TASK TO COMPLETE: Leaving out every picture, copy the lines of the material below exactly, from the line containing "Дочина тарелочка с" through the line containing "Students sort the".

:: GIVEN RECORDS ::

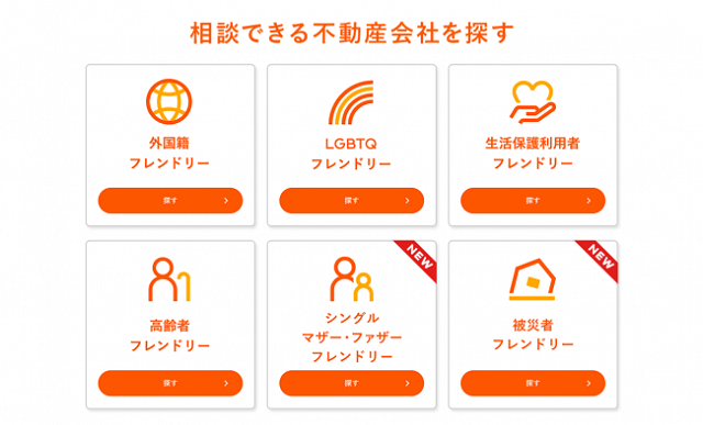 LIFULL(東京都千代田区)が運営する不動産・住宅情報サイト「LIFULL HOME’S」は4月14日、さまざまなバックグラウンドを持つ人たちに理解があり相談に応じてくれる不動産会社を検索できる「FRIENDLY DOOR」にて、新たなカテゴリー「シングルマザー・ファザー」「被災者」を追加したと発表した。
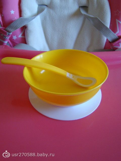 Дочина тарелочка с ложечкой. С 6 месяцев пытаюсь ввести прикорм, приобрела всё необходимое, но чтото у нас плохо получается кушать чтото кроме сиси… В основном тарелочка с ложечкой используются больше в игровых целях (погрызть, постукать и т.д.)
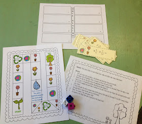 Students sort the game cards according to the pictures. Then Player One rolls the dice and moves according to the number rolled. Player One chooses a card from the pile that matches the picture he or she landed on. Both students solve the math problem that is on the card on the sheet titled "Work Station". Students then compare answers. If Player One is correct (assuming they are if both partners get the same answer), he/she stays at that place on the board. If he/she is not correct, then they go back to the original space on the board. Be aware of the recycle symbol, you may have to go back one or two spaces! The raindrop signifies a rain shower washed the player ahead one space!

:::
:: GIVEN RECORDS ::

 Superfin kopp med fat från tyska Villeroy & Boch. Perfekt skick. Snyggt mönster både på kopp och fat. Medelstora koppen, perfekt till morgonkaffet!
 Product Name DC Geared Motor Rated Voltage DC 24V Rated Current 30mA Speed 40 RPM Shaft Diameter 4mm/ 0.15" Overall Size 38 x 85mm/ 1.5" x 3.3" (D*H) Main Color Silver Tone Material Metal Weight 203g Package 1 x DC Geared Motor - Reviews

:::
:: GIVEN RECORDS ::

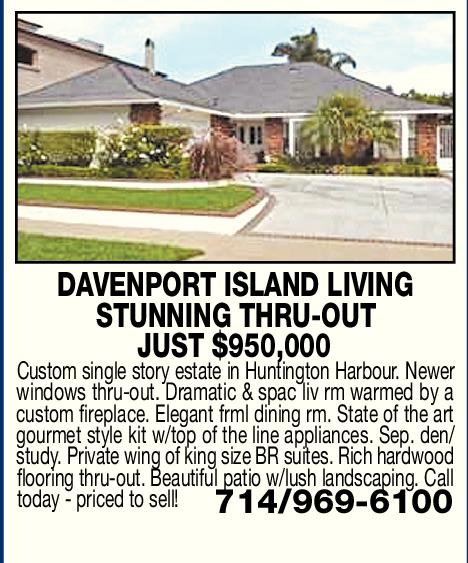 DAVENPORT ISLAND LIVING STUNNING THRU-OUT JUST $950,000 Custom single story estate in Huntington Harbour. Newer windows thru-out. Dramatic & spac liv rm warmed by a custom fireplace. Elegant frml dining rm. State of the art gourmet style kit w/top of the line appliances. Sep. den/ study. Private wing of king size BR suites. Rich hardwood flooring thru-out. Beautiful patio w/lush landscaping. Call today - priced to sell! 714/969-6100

:::

SOLUTION TO THIS PROBLEM:
 Дочина тарелочка с ложечкой. С 6 месяцев пытаюсь ввести прикорм, приобрела всё необходимое, но чтото у нас плохо получается кушать чтото кроме сиси… В основном тарелочка с ложечкой используются больше в игровых целях (погрызть, постукать и т.д.)
 Students sort the game cards according to the pictures. Then Player One rolls the dice and moves according to the number rolled. Player One chooses a card from the pile that matches the picture he or she landed on. Both students solve the math problem that is on the card on the sheet titled "Work Station". Students then compare answers. If Player One is correct (assuming they are if both partners get the same answer), he/she stays at that place on the board. If he/she is not correct, then they go back to the original space on the board. Be aware of the recycle symbol, you may have to go back one or two spaces! The raindrop signifies a rain shower washed the player ahead one space!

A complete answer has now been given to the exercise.